Ukip’s lack of success is perplexing, given that 51 percent of Britons think our EU membership is counterproductive. The British may dislike coiffured plutocrats; but, clearly, there’s little
more repugnant than the stereotypical Ukipper’s florid face, club tie and sports jacket.
Now in his second leadership stint, Mr Farage hopes to cure the party’s image problem and broaden its policy book beyond the single issue of withdrawal from the EU. His canine enthusiasm now
focuses on “the whole Ukip philosophy of small government, libertarianism and empowerment”.
The “Ukip philosophy” remains a work in progress. A policy review began last May and accelerated when Mr Farage was re-elected in the Autumn.
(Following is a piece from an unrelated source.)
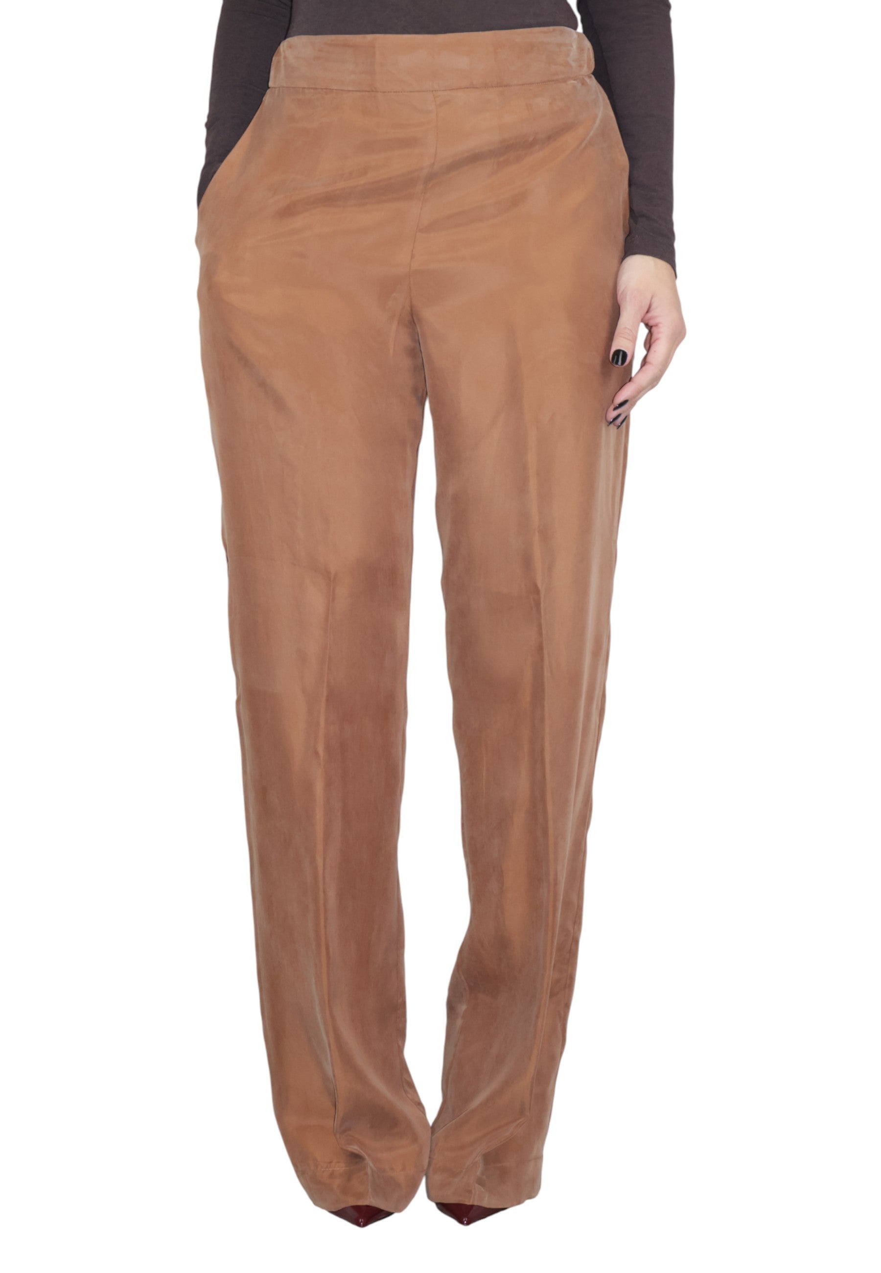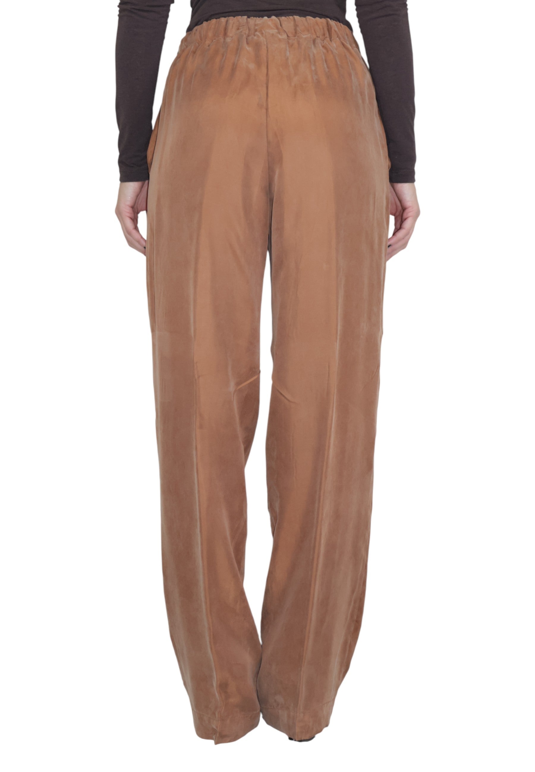Realizzati con una combinazione di cupro e viscosa, questi pantaloni offrono una sensazione di morbidezza e leggerezza insuperabile. La loro tonalità calda li rende facilmente abbinabili con altri capi, dalla camicia elegante alla maglia casual.

There are firm ideas on limiting immigration
and making education selective; but, beyond that, Ukip’s policy book reads like a conversation between Harpo Marx and Marcel Marceau.
Its manifesto for this week’s local elections carries a pledge to ‘safeguard the NHS’. There are endless possibilities as to what this might mean. Mr Farage says that it’s just a
promise to defend the principle of free care at the point of delivery. Other than that, the details are scant. Mr Farage has identified “the marzipan layer of bureaucracy” as the chief
impediment to the NHS and has vows to scrape away the marzipan with a “huge structural reform of NHS commissioning.”
Ukip looks perilously close to the hated coalition here.